What is needed –
Transcribe only the lines of the listing below from the one holding "Ky-Mani Marley, fils" through the one holding "방송통신심의위원회는 최근 발간한", inclusive, without any change.

Given data –
********************

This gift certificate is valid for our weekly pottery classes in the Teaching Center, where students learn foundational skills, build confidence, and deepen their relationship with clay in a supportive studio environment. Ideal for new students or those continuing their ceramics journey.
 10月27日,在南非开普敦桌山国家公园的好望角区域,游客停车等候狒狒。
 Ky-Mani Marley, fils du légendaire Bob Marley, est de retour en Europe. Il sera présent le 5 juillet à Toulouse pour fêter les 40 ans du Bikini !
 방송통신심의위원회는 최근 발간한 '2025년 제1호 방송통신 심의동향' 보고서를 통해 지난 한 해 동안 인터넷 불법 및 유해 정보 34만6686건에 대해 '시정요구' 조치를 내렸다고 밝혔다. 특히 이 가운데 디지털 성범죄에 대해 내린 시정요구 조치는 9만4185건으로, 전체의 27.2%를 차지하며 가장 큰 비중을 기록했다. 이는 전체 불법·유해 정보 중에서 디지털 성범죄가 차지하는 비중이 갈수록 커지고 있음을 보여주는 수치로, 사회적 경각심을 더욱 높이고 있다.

********************

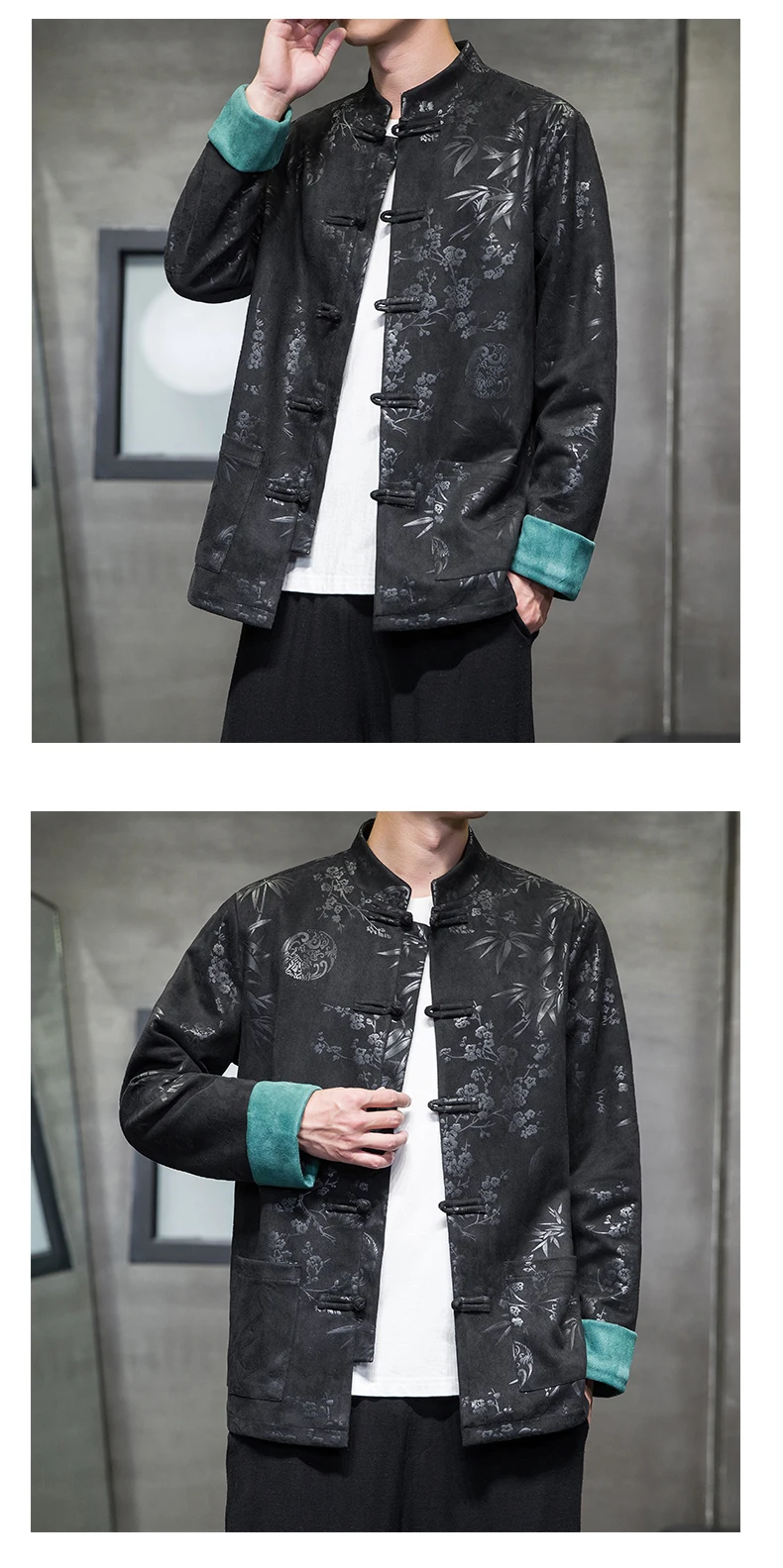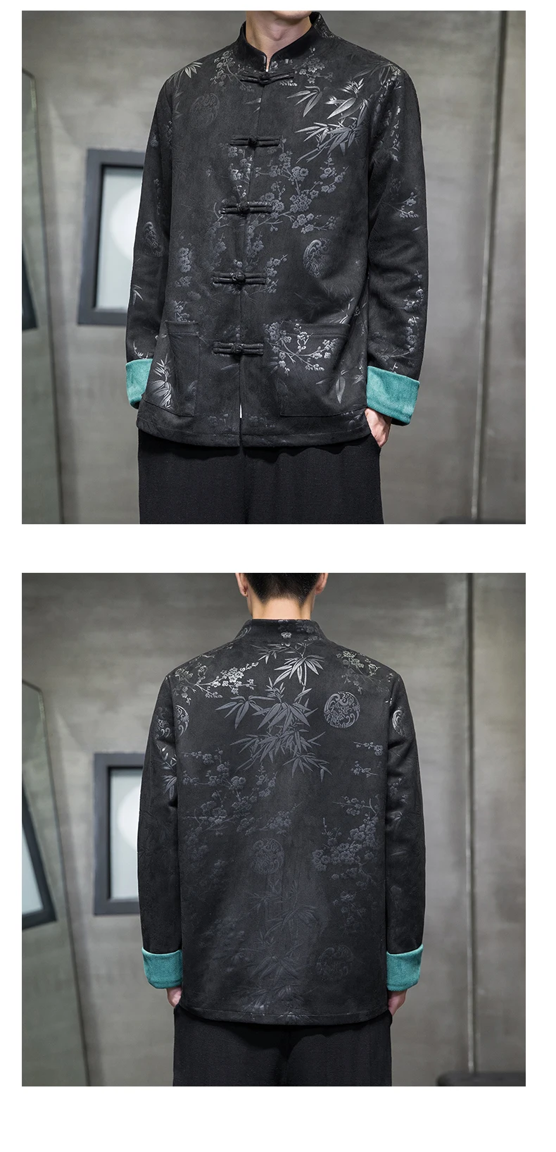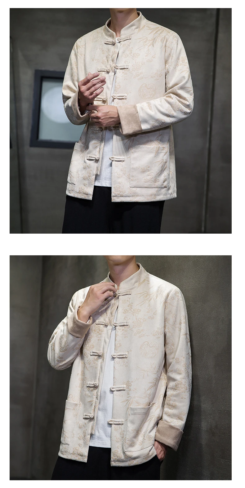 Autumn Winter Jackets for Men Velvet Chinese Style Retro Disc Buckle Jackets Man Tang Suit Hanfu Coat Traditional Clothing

********************

Answer box –
 Ky-Mani Marley, fils du légendaire Bob Marley, est de retour en Europe. Il sera présent le 5 juillet à Toulouse pour fêter les 40 ans du Bikini !
 방송통신심의위원회는 최근 발간한 '2025년 제1호 방송통신 심의동향' 보고서를 통해 지난 한 해 동안 인터넷 불법 및 유해 정보 34만6686건에 대해 '시정요구' 조치를 내렸다고 밝혔다. 특히 이 가운데 디지털 성범죄에 대해 내린 시정요구 조치는 9만4185건으로, 전체의 27.2%를 차지하며 가장 큰 비중을 기록했다. 이는 전체 불법·유해 정보 중에서 디지털 성범죄가 차지하는 비중이 갈수록 커지고 있음을 보여주는 수치로, 사회적 경각심을 더욱 높이고 있다.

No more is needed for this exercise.